It says "threshold" because that's how the -M switch to git-diff is documented. The merge strategy option is called "rename-score" partially because that's what it's called internally, and partially because it's just an easier name to remember/type. I have no objections to calling it "rename-threshold" if you think that's better.

> At the end-user level, this new option to merge-recursive has exactly the
> same meaning as existing -M given to "diff" family; people would probably
> want to see it made available as a synonym to "diff" family as well, no?

You mean so you can type `git diff --rename-score=50% foo`? A reasonable suggestion, but then what do we do with -B and -C? It doesn't make much sense to give a longer name to only one of the three options. This patch was concerned with simply exposing the functionality to the merge strategy and doesn't attempt to address the problem of providing long names for this trio of options.

-Kevin Ballard

^ permalink raw reply	[flat|nested] 18+ messages in thread

* Re: [PATCH] merge-recursive: option to specify rename threshold
  2010-09-27  5:04         ` Kevin Ballard
@ 2010-09-27  5:24           ` Junio C Hamano
  2010-09-27  5:34             ` Kevin Ballard
  2010-09-27 22:01             ` Kevin Ballard
  0 siblings, 2 replies; 18+ messages in thread
From: Junio C Hamano @ 2010-09-27  5:24 UTC (permalink / raw
  To: Kevin Ballard; +Cc: git

Kevin Ballard <kevin@sb.org> writes:

>> At the end-user level, this new option to merge-recursive has exactly the
>> same meaning as existing -M given to "diff" family; people would probably
>> want to see it made available as a synonym to "diff" family as well, no?
>
> You mean so you can type `git diff --rename-score=50% foo`? A reasonable
> suggestion, but then what do we do with -B and -C? It doesn't make much
> sense to give a longer name to only one of the three options.
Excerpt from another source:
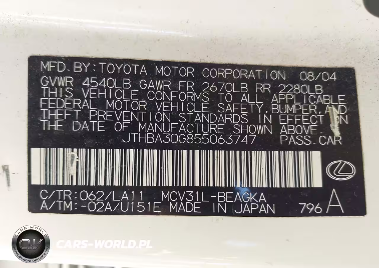 IAAI Nr: I-44675795 VIN: JTHBA30G855063747 Port: Houston, TX

This patch
> was concerned with simply exposing the functionality to the merge
> strategy and doesn't attempt to address the problem of providing long
> names for this trio of options.

I would call them --break-threshold and --copy-threshold respectively.

I have been happy without long option names when we originally had only
short names, but some people seem to be able to be more explicit, so...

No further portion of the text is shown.